> **DATA EXCERPT**:
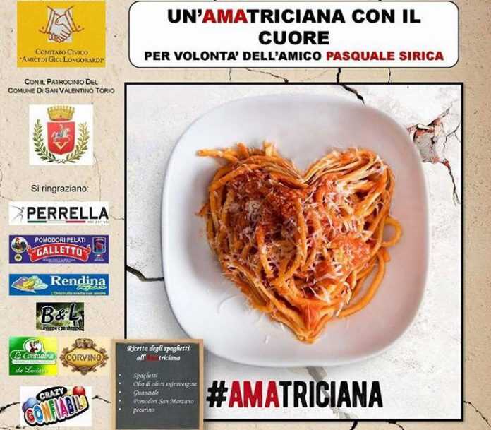 Un sabato sera dedicato alla beneficenza. Il giorno 8 ottobre, nella Villa Comunale di San Valentino Torio, si terrà una bella iniziativa con duplice finalità: ricordare Pasquale Sirica e fare solidarietà per gli sfollati di Amatrice, Accumoli e Arquata del Tronto. “Venite quindi tutti in Villa Comunale per mangiare un piatto di Amatriciana e passare una serata in allegria – ha dichiarato il primo cittadino Strianese – Tutto il ricavato andrà in beneficenza per i nostri connazionali che vivono un momento difficile, cosi come già fatto nella prima serata del Pizza Festival 2016. Un ringraziamento per la bellissima iniziativa va agli amici del Comitato Civico Amici di Gigi Longobardi”.
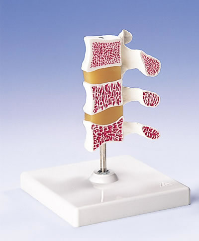 3塊中分腰椎,帶椎間盤。為作比較,上部為健康骨結(jié)構(gòu),中間為疏松骨組織,下部為帶平板變形和壓縮物質(zhì)的后階段疏松骨組織。椎骨可從基架上拆卸以便作細(xì)節(jié)研究。
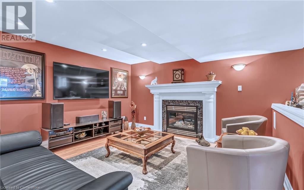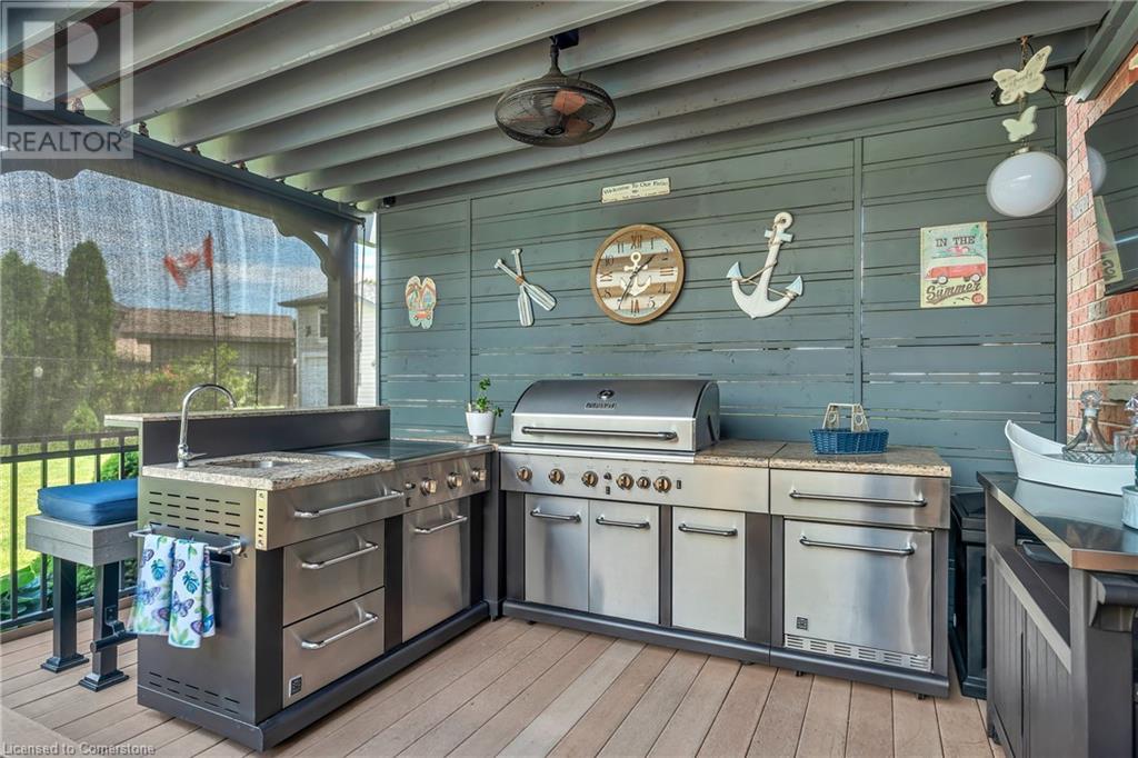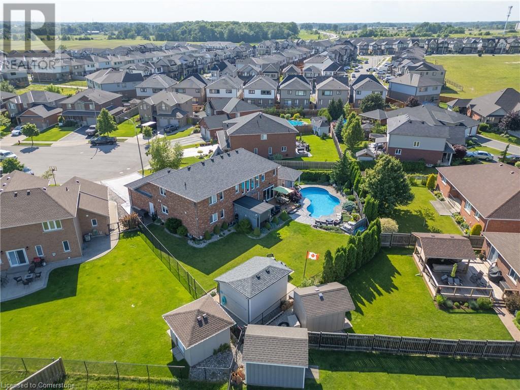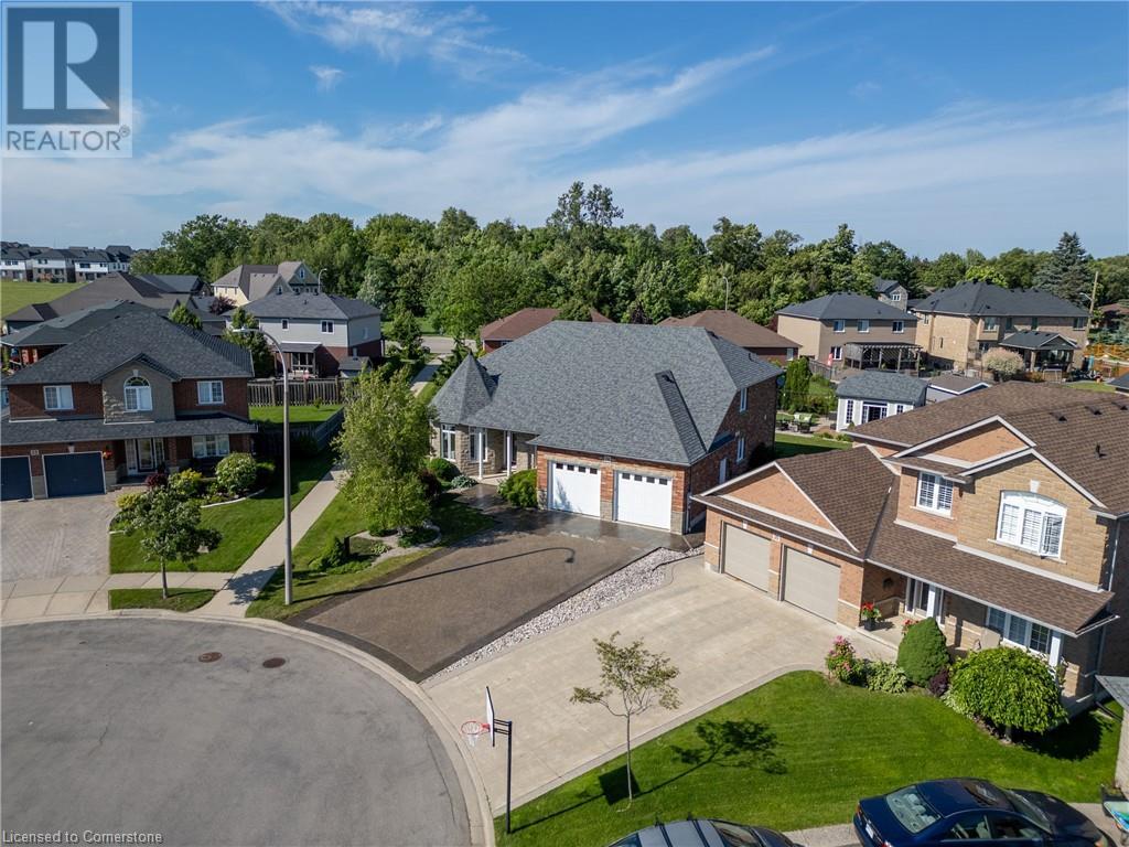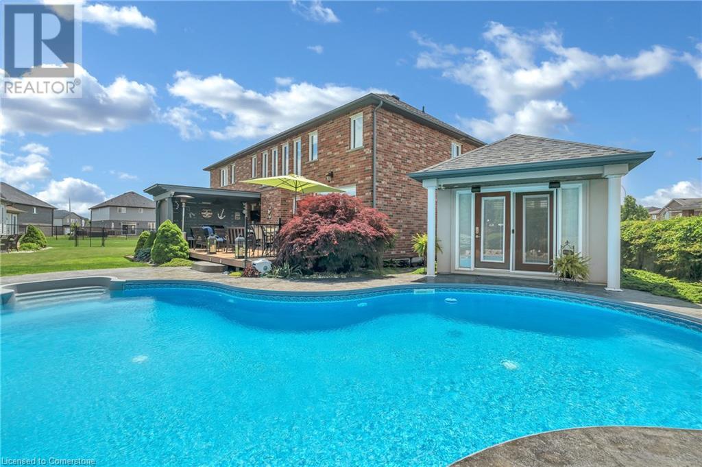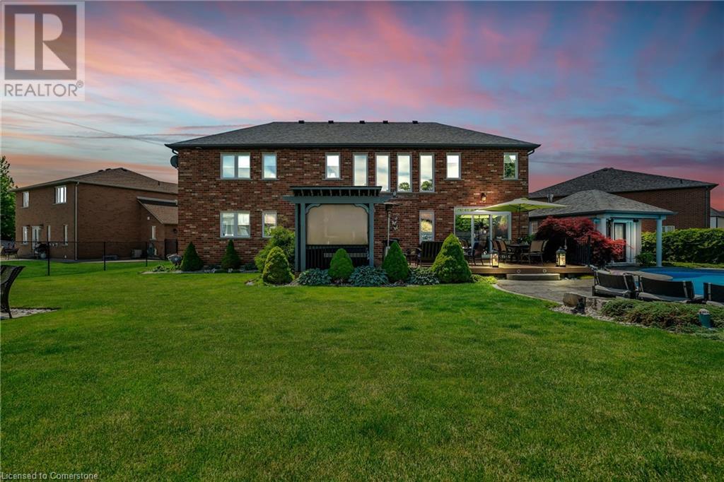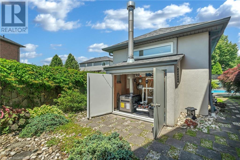 Custom-built home with over 5000sf of finished living space, meticulously maintained by original owners. It offers 2 primary bedrooms, as well as a full in law suite, ideal for a multi generational family. Situated on an oversized pie shaped lot, 10 min to Upper James shopping. This stunning property boasts a wide stamped concrete drive w/ parking for 4 vehicles + oversized double car garage, 11 ft in height, w/ 9 foot high garage doors, perfect to accommodate a car lift. Main floor features a dream kitchen with custom cabinetry, quartz countertops, extra large sink & eating area with oversized patio door leading to the backyard oasis. Main floor primary bed w/ walk in closet & 6pc ensuite. Bright & spacious 2 storey family rm w/ natural gas fireplace, separate living & dining room, bed/office, 2 pc bath & main floor laundry off of the garage. The upper level offers a family room, 3 bedrooms, including 2 that offer ensuites & walk in closets. Fully finished basement has a full kitchen with dining area, rec room, bed w/ ensuite privilege to 3pc bath, office, workshop, 2nd laundry rm, + hot tub & hobby room. Gorgeous backyard featuring inground saltwater pool w/ new heater, updated liner, stamped concrete surround, Trex decking on patio & in the covered outdoor kitchen area, outdoor speakers & oversized custom shed. 4 season sunroom is the perfect place to relax. Recent updates include roof shingles 2020, shed & sun rm shingles 2022, furnace & A/C 2023.This home must be seen! (id:55009)

> **WORK INSTRUCTIONS**: In your copy of the listing above, reproduce each line exactly and omit all pictures.

> **TASK ANSWER**:
 Un sabato sera dedicato alla beneficenza. Il giorno 8 ottobre, nella Villa Comunale di San Valentino Torio, si terrà una bella iniziativa con duplice finalità: ricordare Pasquale Sirica e fare solidarietà per gli sfollati di Amatrice, Accumoli e Arquata del Tronto. “Venite quindi tutti in Villa Comunale per mangiare un piatto di Amatriciana e passare una serata in allegria – ha dichiarato il primo cittadino Strianese – Tutto il ricavato andrà in beneficenza per i nostri connazionali che vivono un momento difficile, cosi come già fatto nella prima serata del Pizza Festival 2016. Un ringraziamento per la bellissima iniziativa va agli amici del Comitato Civico Amici di Gigi Longobardi”.
 3塊中分腰椎,帶椎間盤。為作比較,上部為健康骨結(jié)構(gòu),中間為疏松骨組織,下部為帶平板變形和壓縮物質(zhì)的后階段疏松骨組織。椎骨可從基架上拆卸以便作細(xì)節(jié)研究。
 Custom-built home with over 5000sf of finished living space, meticulously maintained by original owners. It offers 2 primary bedrooms, as well as a full in law suite, ideal for a multi generational family. Situated on an oversized pie shaped lot, 10 min to Upper James shopping. This stunning property boasts a wide stamped concrete drive w/ parking for 4 vehicles + oversized double car garage, 11 ft in height, w/ 9 foot high garage doors, perfect to accommodate a car lift. Main floor features a dream kitchen with custom cabinetry, quartz countertops, extra large sink & eating area with oversized patio door leading to the backyard oasis. Main floor primary bed w/ walk in closet & 6pc ensuite. Bright & spacious 2 storey family rm w/ natural gas fireplace, separate living & dining room, bed/office, 2 pc bath & main floor laundry off of the garage. The upper level offers a family room, 3 bedrooms, including 2 that offer ensuites & walk in closets. Fully finished basement has a full kitchen with dining area, rec room, bed w/ ensuite privilege to 3pc bath, office, workshop, 2nd laundry rm, + hot tub & hobby room. Gorgeous backyard featuring inground saltwater pool w/ new heater, updated liner, stamped concrete surround, Trex decking on patio & in the covered outdoor kitchen area, outdoor speakers & oversized custom shed. 4 season sunroom is the perfect place to relax. Recent updates include roof shingles 2020, shed & sun rm shingles 2022, furnace & A/C 2023.This home must be seen! (id:55009)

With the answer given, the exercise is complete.